Cate Blanchett sat down with Deadline Hollywood’s Pete Hammond on Saturday night for a conversation about the craft of acting.
This was the Santa Barbara International Film Festival’s evening for the Outstanding Performer of the Year, honoring Ms. Blanchett for her starring (and Oscar-nominated) role in Woody Allen’s “Blue Jasmine.”
In the film she plays a once wealthy socialite coming apart at the seams years after her husband has ruined lives in a Bernie Madoff-like scheme. As Ms. Blanchett noted, Mr. Allen had done everything from broad comedy to serious Bergman-like drama, so her response to the character has been that of the viewers: Is it comedy or is it tragedy?
“Blue Jasmine” marks the star’s return to the film world. The last time she was at SBIFF, in 2008, she was pregnant with her third son.
She has returned to the theater, playing such roles as Hedda Gabler, Yelena in “Uncle Vanya,” and Blanche DuBois, who shares some artistic DNA with her character in “Blue Jasmine.” She also became artistic director of her native Sydney Theater Company in Australia.
“It’s nice to have a film career to return to,” Ms. Blanchett said.
Mr. Hammond suggested that Mr. Allen wrote “Blue Jasmine” with the actress in mind.
“That’s something I’d like to believe is true,” Ms. Blanchett laughed, imagining four other actresses whom she might have auditioned. “In perspective I was the lucky girl.”
The evening started with a video montage of Mr. Blanchett’s filmography, with scenes from her first breakout role in “Oscar and Lucinda,” then her first Oscar nomination for the starring role in “Elizabeth” in 1998, then a series of well-received films: “The Talented Mr. Ripley,” “The Man Who Cried,” “The Shipping News,” “Charlotte Grey,” “The Lord of the Rings,” “Veronica Guerin,” “The Aviator,” (her first Oscar so far, as Supporting Actress), “Notes on a Scandal,” and “I’m Not There,” where she played Bob Dylan.
Watching it all unfold made her cringe.
“I’m not a big believer in having regrets, until I saw that,” Ms. Blanchett said. “In a way you keep working as a way to rectify previous mistakes. You never feel you’ve arrived anywhere particular as an actor and that’s what keeps you keep working.
“The process (of acting) is profoundly embarrassing. That’s why I’m grateful to have two feet firmly planted on the stage. You have to risk that exposure and embarrassment every night.”
A theatrical role allows her to fix mistakes, Ms. Blanchett said, while film, she has realized, is finite.
That’s why her work with Mr. Allen was nerve-racking, Ms. Blanchett said.
He doesn’t shoot a lot of takes and there are few setups or different angles on one scene.
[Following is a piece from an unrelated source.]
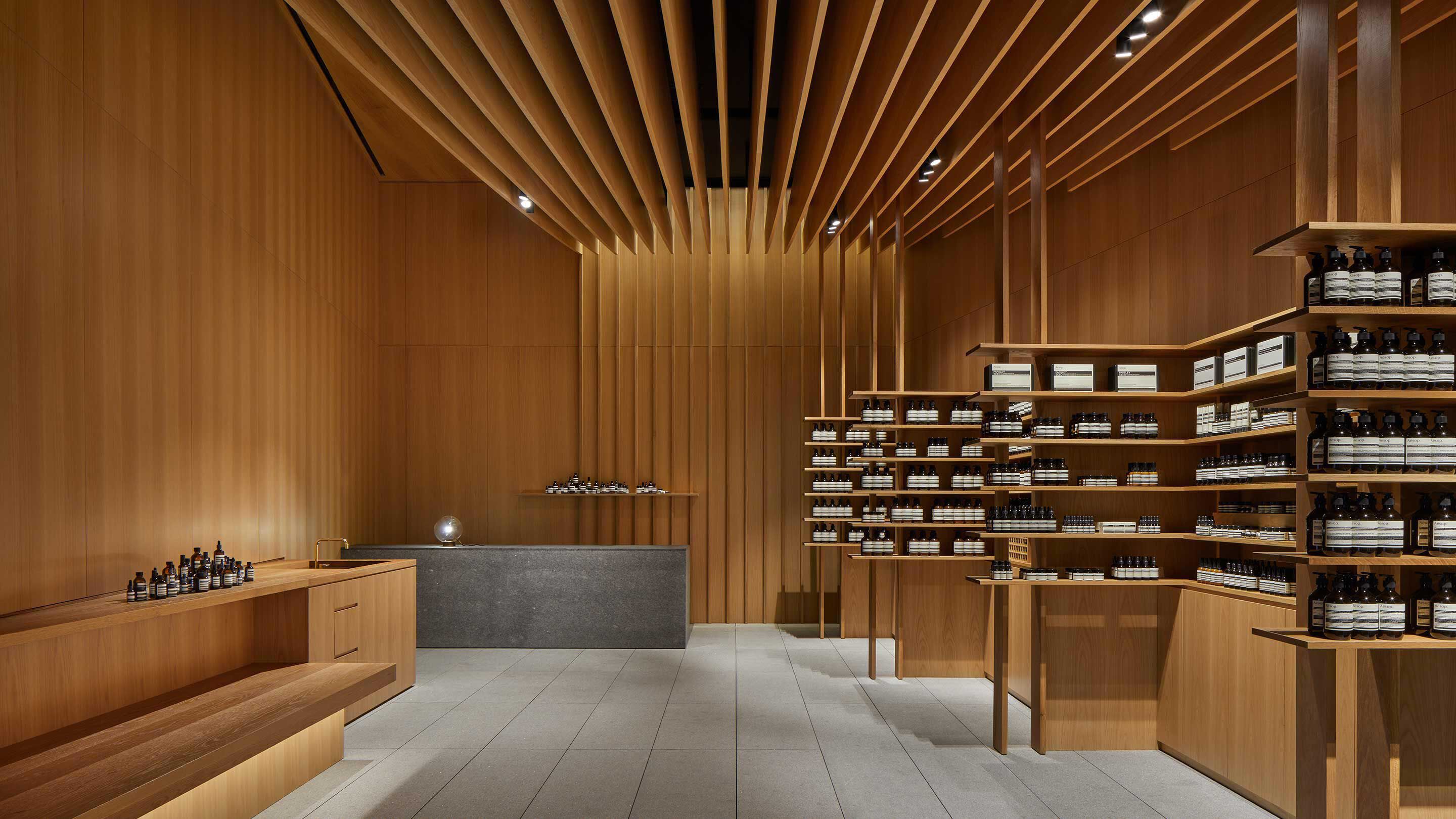 이솝 롯데월드몰 스토어를 디자인 한 서아키텍스는 한국의 전통 가옥인 한옥 요소를 추상적으로 표현하고 마루를 상징적으로 확장시켜 기분 좋은 안식처 공간을 조성했습니다. 입구의 깊은 처마는 고객을 재생 목재와 거칠게 다듬은 석재로 이루어진, 친숙한 안마당으로 이끌어줍니다. 목재 슬레이트는 천장에 비스듬한 각도로 매달려 아늑한 효과를 주며 수직의 리브가 지그재그 배열의 선반을 표현합니다. 대형 석재 싱크는 제품을 탐색하고 음미할 수 있는 공간을 제공하고, 반대편에 위치한 낮은 높이의 벤치는 사람들이 모여 앉는 친숙한 평상을 연상시킵니다.

He insists that his actors speak the lines as they are in the script, with no improvisation. And he does not involve the actors in any post-production work, like re-recording dialog.
Once she left the set, Ms. Blanchett never saw her work until the premiere.
“The role is secondary,” she said. “It’s who the director is and who I get to act with. Invariably, when I read a script, I want to play one of the other characters.”
Outside on the red carpet, Ms. Blanchett talked about her upcoming work under two other high-profile directors.
She is working with Todd Haynes on “Carol,” based, like “The Talented Mr. Ripley,” on a Patricia Highsmith novel. And she also just worked with Terrance Malick on an untitled project.
“You go fishing with Terry,” Ms. Blanchett said. “He never knows what the outcome is going to be. So that’s the adventure and the process and the poetic exchange that you enter into with him.
“With Todd, it’s wonderful to be returning with him on such strong, dense, classic narrative fare and character structure. He makes exquisitely beautiful films.”
Ms. Blanchett’s special evening came on the same day a New York Times website published a letter by Mr. Allen’s adoptive daughter reiterating an accusation that he sexually assaulted her 21 years ago, when she was 7 years old.
Dylan Farrow criticizes the acclaim Mr. Allen has received for “Blue Jasmine,” and questions people who have worked with the famed filmmaker, including Ms. Blanchett.